Actually, what the manufacturer has done is .. they've pre-subtracted the fiber. So, those walnuts have 3 grams of digestible carb in them AND 3 grams of fiber in addition. (ie, 6g total).

This is the new way that labels on food products are headed, so low-carbers need to get used to the idea that soon, we will not need to subtract the fiber grams, it will already have been done for us. The actual carbs in the food that contribute calories and have an impact on blood sugar and insulin will be plainly shown on the label, and any fiber, which is not digested and therefore does not contribute calories or affect blood sugar, will be listed separately.

This trend is part of the FDA's and consumer groups' mandate to have labels that more accurately reflect the nutrient content of foods. The only problem is that not everybody is doing it yet, and it's very confusing. You need to be a detective to determine if the fiber has been pre-subtracted ... but generally, a net carb count of zero for a food that you think should have carbs in it will be a clue ;)

BTW, nuts and vegetables and fruits and salad greens even .. all contain a small amount of naturally occurring sugars -- ie, simple carbohydrate, not quite the same thing as white table sugar ;). So it's those sugars that are showing on the label. It's the added processed and refined sugars, and high glycemic veggies and fruits that you should watch out for. The high fat content and fiber in nuts helps to offset the small amount of natural "sugar".

hope this helps :)

Doreen

worldfalls Fri, Apr-12-02 14:06

thanks....
 
for the reply. I knew there was more to it. Now, if we can just get those pesky food companies to just tell us, without any more games, exactly WHAT is in the food we eat I'll be happy camper.
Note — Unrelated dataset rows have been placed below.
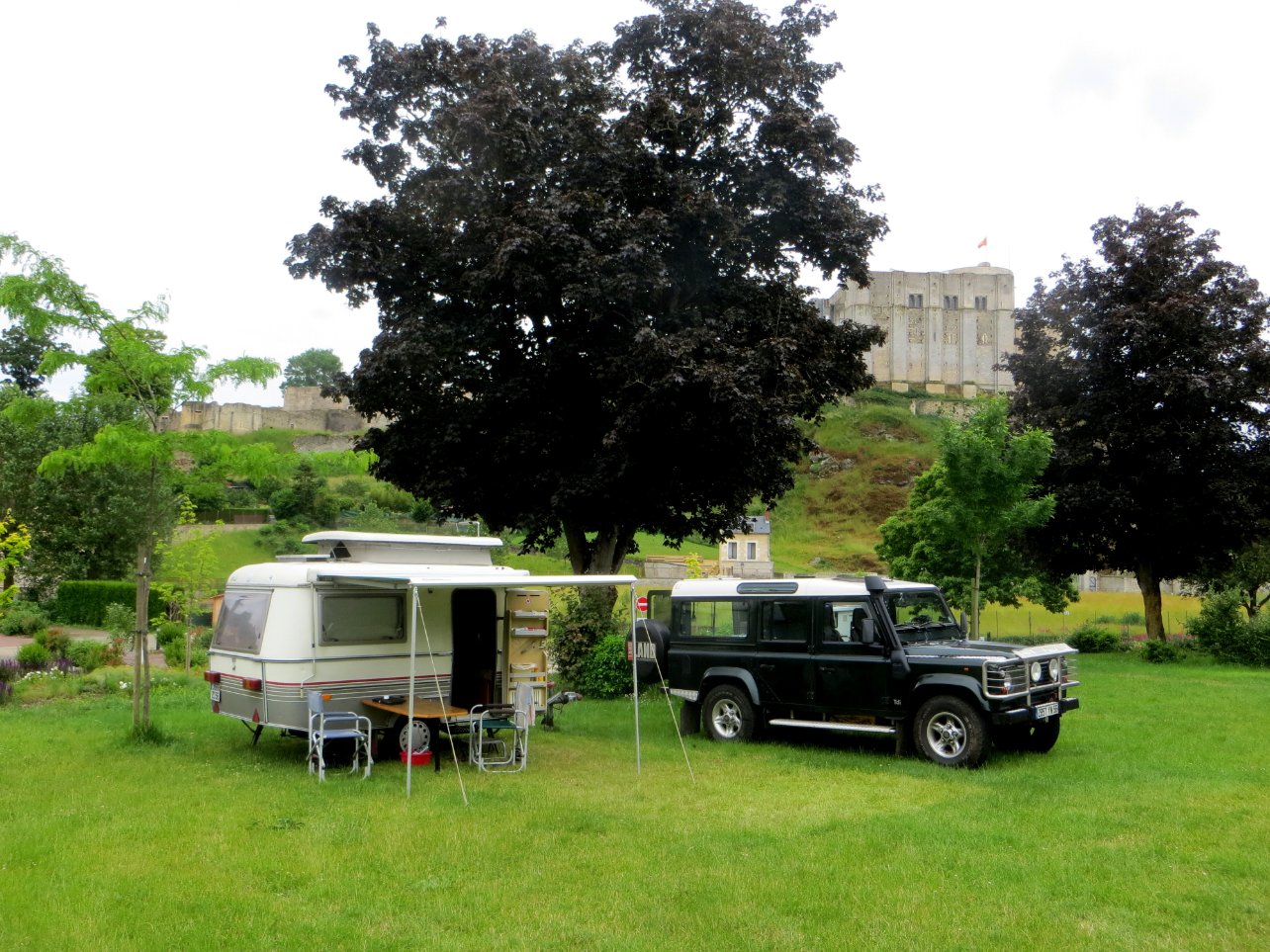Au camping de Falaise, au pied du château, ACSI 16€, après une nuit d'orage le temps retourne au : Sun :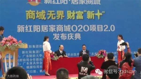 新红阳集团控股董事长朱长远致欢迎辞;鹤山市委常委、常务副市长陈常岷讲话祝贺。在举行了一系列校企人才合作、金融资本合作、技术战略合作、供应链合作、远期战略合作的签约仪式后,我会常务副会长、家具分会会长朱玉山为居家商城O2O项目2.0版的项目团队授旗。随后,朱玉山会长在接受记者采访环节,详细介绍了居家商城O2O项目2.0版的运作模式与规划。最后,全体与会代表参观了居家商城O2O项目2.0版展示厅,体验了以整体配套、家居装修、“一条龙”、“交钥匙工程”为主要内容的居家商城O2O项目2.0版。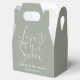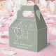 This sage green minimalist elegant script wedding favour box can be personalised with your information in chic typography. Designed by Thisisnotme©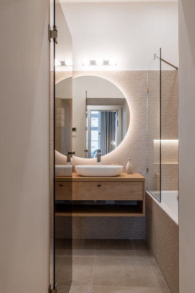 The two bathrooms feature Italian tiles, modern fixtures, and LED lighting — one with a bathtub, the other with a walk-in shower — providing the highest level of comfort.

these kind of shenanigans would NOT be tolerated in the world of business finance....

thanks again for the info...

world

doreen T Fri, Apr-12-02 15:31

Actually, my opinion is that it's not shenanigans for the manufacturer to pre-subtract the fiber before calculating the calories, carbs etc. That is the more accurate method, and will give consumers a clearer picture of what's in the food they're buying. It will eventually become law in the US and Canada ... and then everyone will be doing it, and there'll be consistency. And low-carbers won't have to stand there doing mental math at the grocery store .. the subtracting will already have been done ;)

The shenanigans are those manufacturers who still include the fiber in with the carbs AND also include those fiber grams in the calories.

:bash:

Doreen

missatc Fri, Apr-12-02 15:33

variations to the walnuts
 
My husband and I both enjoy walnuts as a snack. The biggest loss to my taste buds was the salty carbs-chips, fries etc. Not being a pork rind eater either (UGH!), I was searching for something to satisfy my salt tooth on occaision. So here is what I have found.

Melt a little butter and add salt (seasoned or plain). Place the desired amount of nuts in a zip lock, add seasoned, melted butter and shake, shake, shake. Pour out onto a cookie sheet and bake at 200 for about 20 min. I keep an eye on them, because I don't like them too brown. I have also experimented with a couple drops of worcestershire. ( I got this idea from the homemade chex mix I used to enjoy.) Also, I buy my walnuts at a wholesale store for much, much cheaper than what the grocery stores provide. I just keep them in the freezer to help with freshness. If you don't have a wholesale store that carries them, usually buying in the bulk food section is less expensive.

BTW, thanks to Doreen for the info on the Carb content. I thought these were carb free as well. I now have a few more "too good to be true" items to check.

Atrsy Fri, Apr-12-02 18:42

I love walnuts, too. My sister has two English walnut trees and she gives me a 5 gallon bucketful of walnuts every year. I shell lthem and keep them in the freezer.